AVAILABLE DATA START

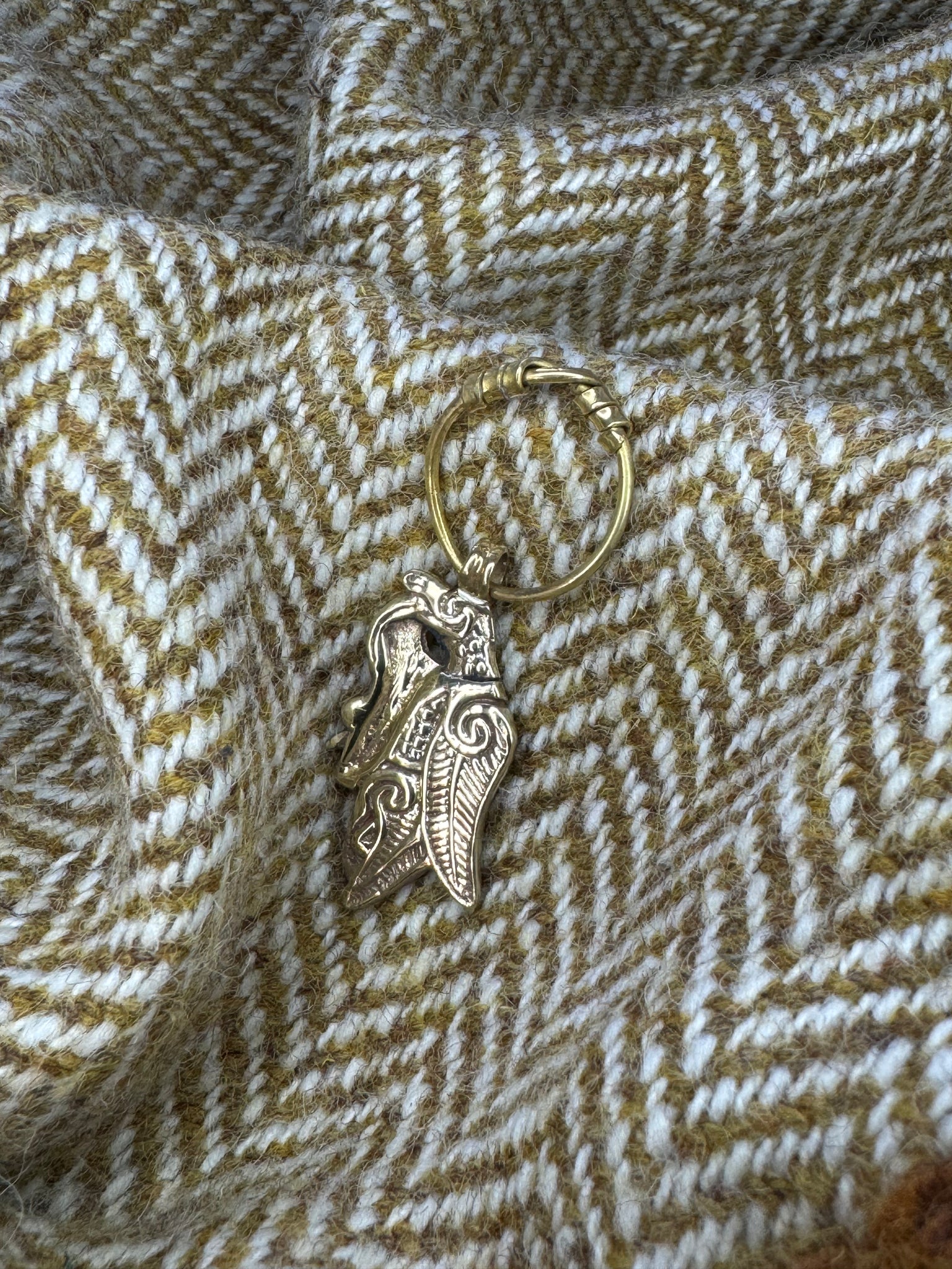 Based on a bronze mount found during excavations at modern day Bamburgh castle in North eastern England. My own sculpt inspired by the design is hand sandcast and heavily worked by hand with hand tools before polishing.
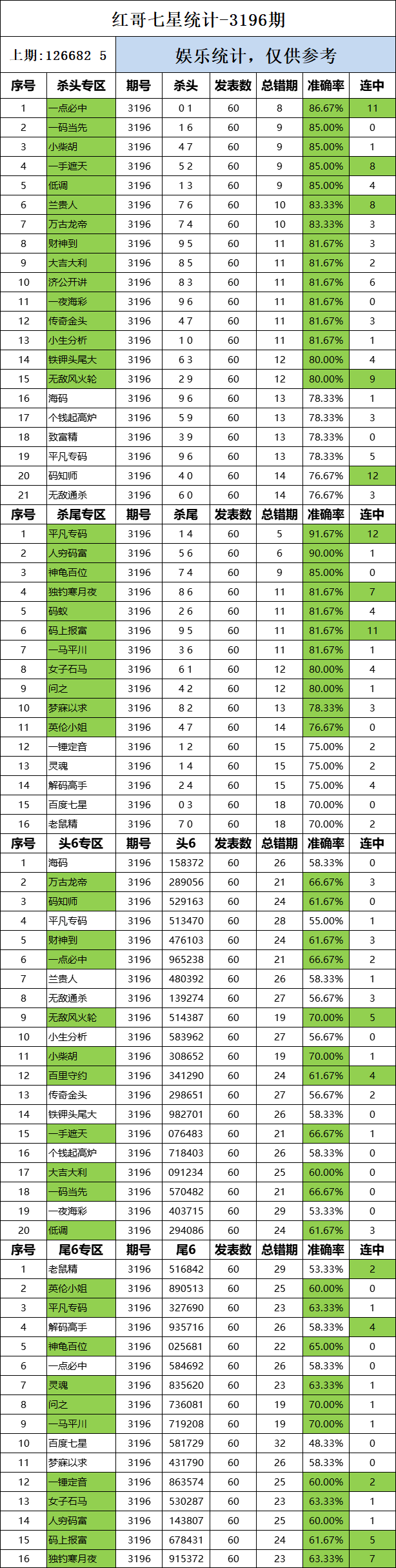 3196期:红哥统计 发表于:2025-06-04 15:33:04 浏览次数:557 上一篇:3196期:红哥统计 下一篇:3196期:二爹统计 【春哥打奖】 范围码15红11 点播26030期 【天意人生】 范围码15红9 点播26030期 【彩女】 范围码15红9 点播26030期 排列五杀码荣誉榜
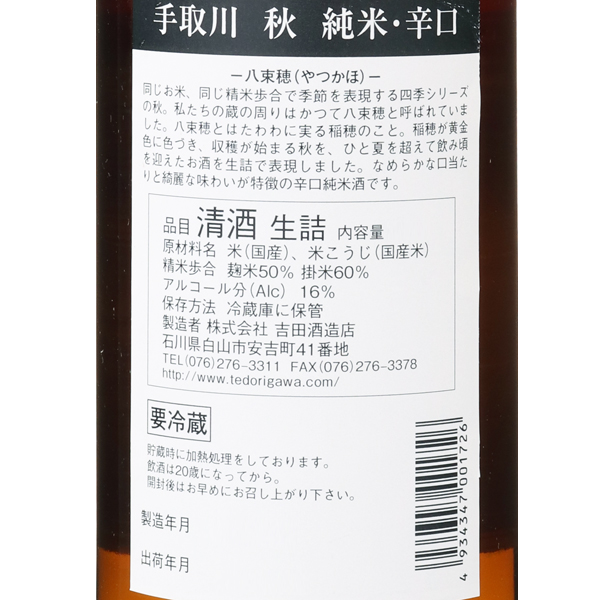 同じお米、同じ精米歩合で季節を表現する四季シリーズの秋。蔵のある辺りはかつて八束穂(やつかほ)の地と呼ばれていました。八束穂とはたわわに実る稲穂のこと。稲穂が黄金色に色づき、収穫が始まる秋を、ひと夏を越えて飲み頃を迎えたお酒を生詰で表現しています。口に含むと柔らかな味わいが口いっぱいに広がります。滑らかで綺麗な味わい、喉越しもスムーズでついつい杯が進みます。冷酒からやや室温に戻った位の温度が飲み頃です。蔵紹介
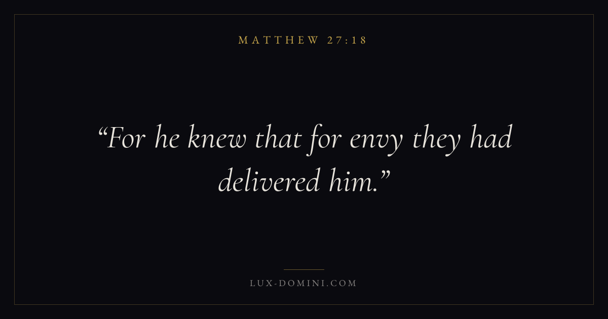 Books / Matthew / Chapter 27 / Verse 18 ← Matthew 27:17 Matthew 27:18 Matthew 27:19 → For he knew that for envy they had delivered him. Download verse card Share on Twitter Share on Facebook Pin it ✦ Key themes FulfillmentKingdom of heavenDiscipleshipTeaching ✦ Matthew Chapter 27 verses V. 1 V. 2 V. 3 V. 4 V. 5 V. 6 V. 7 V. 8 V. 9 V. 10 V. 11 V. 12 V. 13 V. 14 V. 15 V. 16 V. 17 V. 18 V. 19 V. 20 V. 21 V. 22 V. 23 V. 24 V. 25 V. 26 V. 27 V. 28 V. 29 V. 30 V. 31 V. 32 V. 33 V. 34 V. 35 V. 36 V. 37 V. 38 V. 39 V. 40 V. 41 V. 42 V. 43 V. 44 V. 45 V. 46 V. 47 V. 48 V. 49 V. 50 V. 51 V. 52 V. 53 V. 54 V. 55 V. 56 V. 57 V. 58 V. 59 V. 60 V. 61 V. 62 V. 63 V. 64 V. 65 V. 66
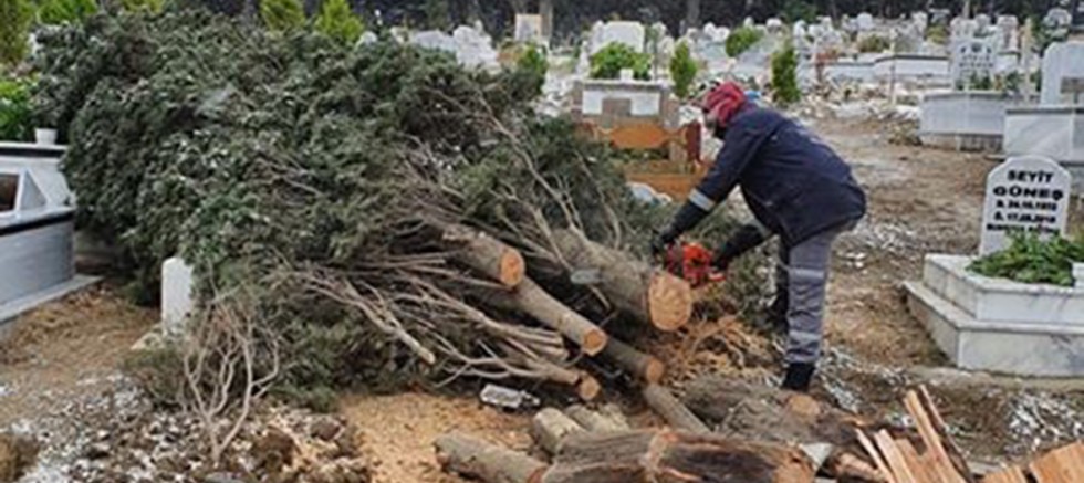 Hafta sonu ile Pazartesi günü bölgemizde etkili olan şiddetli fırtına nedeniyle meydana gelen olumsuzlukları ortadan kaldırmak için yoğun çalışmalarını sürdüren Destek Hizmetleri Müdürlüğü’ne bağlı ekipler, Aleaddin Kalfa Mezarlığı’nda devrilen ağaçları yerinden kaldırarak, temizlik çalışmaları gerçekleştirdiler.
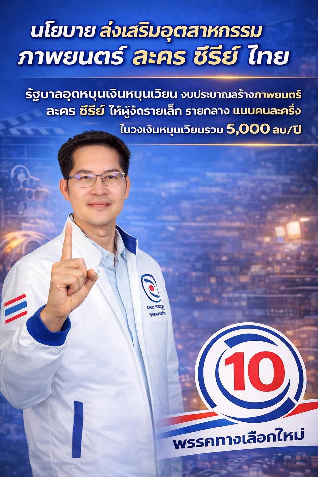 รวมถึงมีนโยบายส่งเสริมอุตสาหกรรมภาพยนตร์ ละคร ซีรีส์ ไทย โดยรัฐบาลอุดหนุนเงินหมุนเวียน งบประมาณสร้างภาพยนตร์ ละคร ซีรีส์ ให้ผู้จัดรายเล็ก รายกลาง แบบคนละครึ่ง ในวงเงินหมุนเวียนรวม 5,000 ลบ./ปี (รัฐบาลออกเงินลงทุนช่วงแรก 50% อีก 50% รัฐบาลค้ำประกันให้โดยเอกชนกู้ธนาคารรัฐ-เอกชน คืนเงินต้นให้รัฐบาล ดอกเบี้ย 0% หลังดำเนินการขายเสร็จ)
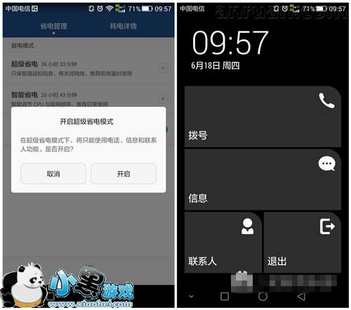 打开手机管家,省电管理,选择超级省电,此时手机只剩下电话和短信功能,其它一切功能都无法使用,并且降低CPU的功耗,极致省电,楼主测试,10%电量用半天基本没问题(有电话,短信),这就是华为智电省电系统。

AVAILABLE DATA END

§ **EXERCISE INSTRUCTIONS**
What should come back is an exact copy of the lines above from the line with "同じお米、同じ精米歩合で季節" to the line with "Books / Matthew", both included, minus the pictures.

§ **ANSWER TO THIS TASK**
 同じお米、同じ精米歩合で季節を表現する四季シリーズの秋。蔵のある辺りはかつて八束穂(やつかほ)の地と呼ばれていました。八束穂とはたわわに実る稲穂のこと。稲穂が黄金色に色づき、収穫が始まる秋を、ひと夏を越えて飲み頃を迎えたお酒を生詰で表現しています。口に含むと柔らかな味わいが口いっぱいに広がります。滑らかで綺麗な味わい、喉越しもスムーズでついつい杯が進みます。冷酒からやや室温に戻った位の温度が飲み頃です。蔵紹介
 Books / Matthew / Chapter 27 / Verse 18 ← Matthew 27:17 Matthew 27:18 Matthew 27:19 → For he knew that for envy they had delivered him. Download verse card Share on Twitter Share on Facebook Pin it ✦ Key themes FulfillmentKingdom of heavenDiscipleshipTeaching ✦ Matthew Chapter 27 verses V. 1 V. 2 V. 3 V. 4 V. 5 V. 6 V. 7 V. 8 V. 9 V. 10 V. 11 V. 12 V. 13 V. 14 V. 15 V. 16 V. 17 V. 18 V. 19 V. 20 V. 21 V. 22 V. 23 V. 24 V. 25 V. 26 V. 27 V. 28 V. 29 V. 30 V. 31 V. 32 V. 33 V. 34 V. 35 V. 36 V. 37 V. 38 V. 39 V. 40 V. 41 V. 42 V. 43 V. 44 V. 45 V. 46 V. 47 V. 48 V. 49 V. 50 V. 51 V. 52 V. 53 V. 54 V. 55 V. 56 V. 57 V. 58 V. 59 V. 60 V. 61 V. 62 V. 63 V. 64 V. 65 V. 66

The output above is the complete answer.